Re: Spark streaming app that processes Kafka DStreams produces no output and no error

2017-01-14 Thread shyla deshpande
Hello,

I want to add that,
I don't even see the streaming tab in the application UI on port 4040 when
I run it on the cluster.
The cluster on EC2  has 1 master node and 1 worker node.
The cores used on the worker node is 2 of 2 and memory used is 6GB of 6.3GB.

Can I run a spark streaming job with just 2 cores?

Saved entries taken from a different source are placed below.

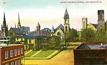 St. Paul's had its beginnings on October 15, 1854, when the first service was held at Fort Des Moines for ten communicants.[3] A brick and frame church building was completed in 1857 on Seventh Street between Locust and Walnut Streets. Before its completion, services were held in the old Polk County Courthouse.[1] By 1870 the congregation decided to replace its church building and purchased the current site. It would be another 13 years before construction began on the new church.
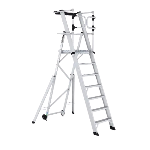 Gazelle Porte Saloon avec plateforme de travail et portillons sécurisés. Disponible de 3 à 9 marches + plateforme. Hauteur de travail jusqu’à 4,5 m.
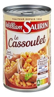 Ingrédients : Haricots blancs précuits 33%, eau, saucisses fumées et saucisson (viande et gras de porc, eau, pièces de tête de porc, viande de dinde, farine de BLÉ, fibres de pois, sel, protéines de SOJA, couenne de porc, gélifiant : E407a), viande de porc préparée en salaison (viande de porc, eau, sel, amidon modifié de maïs), saindoux, triple concentré de tomate, farine de BLÉ, sel, sucre, arômes naturels, affermissant: chlorure de calcium. Total charcuterie et viande mise en oeuvre : 22%. Viandes d'origine Union EuropéennePeut contenir des traces de : LAIT.
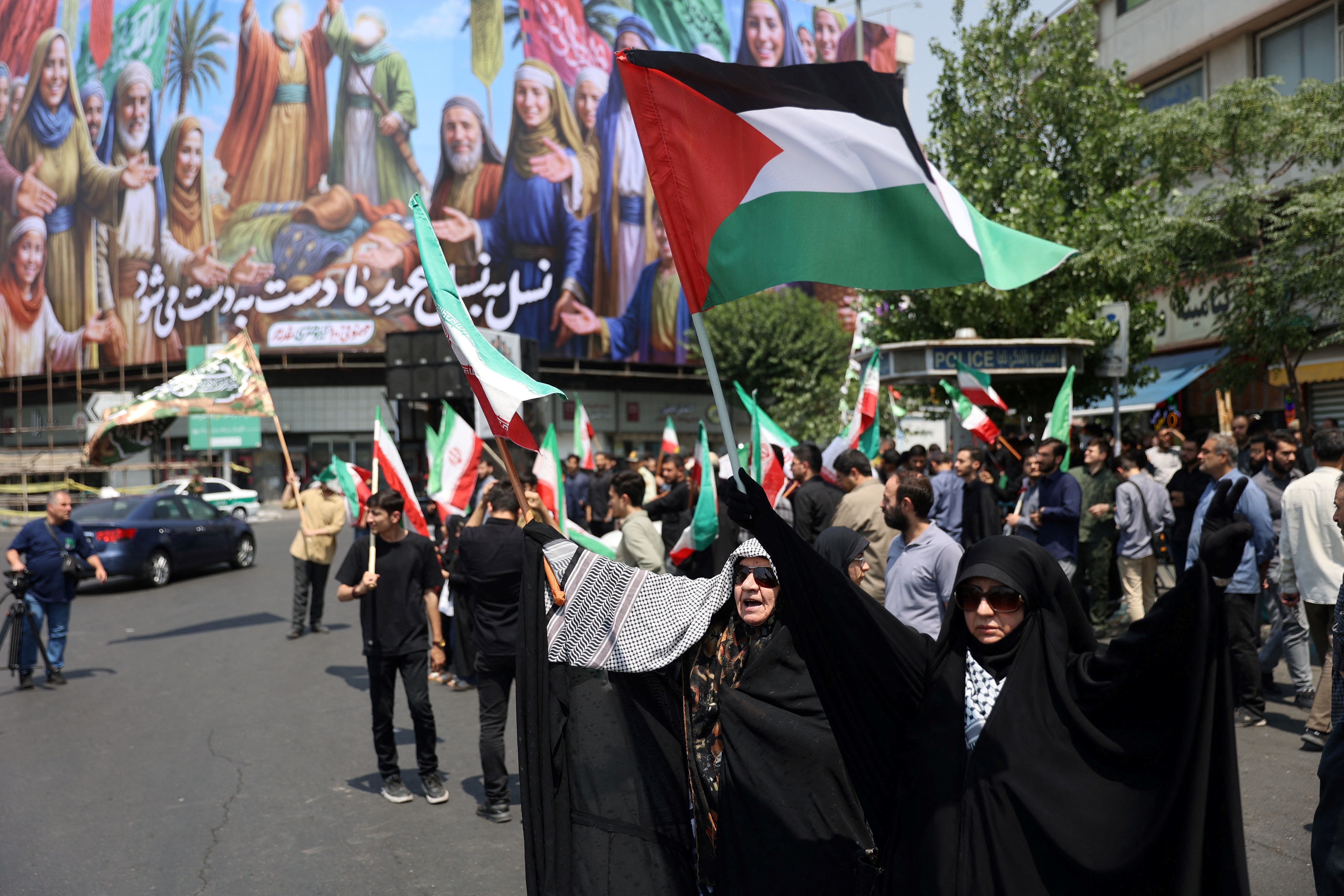 Tahran’da toplanan İranlılar, İran bayraklarının yanı sıra İsrail’in işgal ve akınları altındaki Filistin’in bayraklarını da açtı.
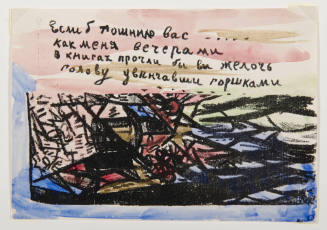 Born in 1886, Rozanova studied at the Bolshakov School of Art and the Stoganov School of Applied Art, Moscow, 1904 to 1910. This print is from a set of 23 lithographs with watercolor and is a collaboration with the avant-garde poet Alexei Kruchenykh, whom she later married.
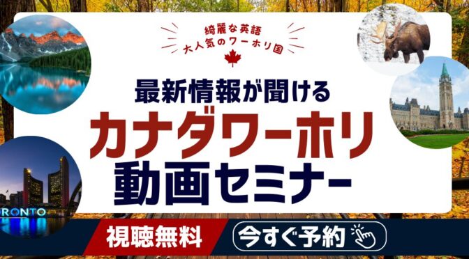 2回目の申請も可能に!大人気、カナダワーホリの特徴に加え、仕事内容や給料、生活事情など皆さんが気になるご質問にお答えします。視聴期間中ならいつでも・何回でも繰り返し視聴可能!いますぐチェック。...

Appreciate your time and help.

Thanks





On Fri, Jan 13, 2017 at 10:46 PM, shyla deshpande 
wrote:

> Hello,
>
> My spark streaming app that reads kafka topics and prints the DStream
> works fine on my laptop, but on AWS cluster it produces no output and no
> errors.
>
> Please help me debug.
>
> I am using Spark 2.0.2 and kafka-0-10
>
> Thanks
>
> The following is the output of the spark streaming app...
>
>
> 17/01/14 06:22:41 WARN NativeCodeLoader: Unable to load native-hadoop library 
> for your platform... using builtin-java classes where applicable
> 17/01/14 06:22:43 WARN Checkpoint: Checkpoint directory check1 does not exist
> Creating new context
> 17/01/14 06:22:45 WARN SparkContext: Use an existing SparkContext, some 
> configuration may not take effect.
> 17/01/14 06:22:45 WARN KafkaUtils: overriding enable.auto.commit to false for 
> executor
> 17/01/14 06:22:45 WARN KafkaUtils: overriding auto.offset.reset to none for 
> executor
> 17/01/14 06:22:45 WARN KafkaUtils: overriding executor group.id to 
> spark-executor-whilDataStream
> 17/01/14 06:22:45 WARN KafkaUtils: overriding receive.buffer.bytes to 65536 
> see KAFKA-3135
>
>
>


Spark streaming app that processes Kafka DStreams produces no output and no error

2017-01-13 Thread shyla deshpande
Hello,

My spark streaming app that reads kafka topics and prints the DStream works
fine on my laptop, but on AWS cluster it produces no output and no errors.

Please help me debug.

I am using Spark 2.0.2 and kafka-0-10

Thanks

The following is the output of the spark streaming app...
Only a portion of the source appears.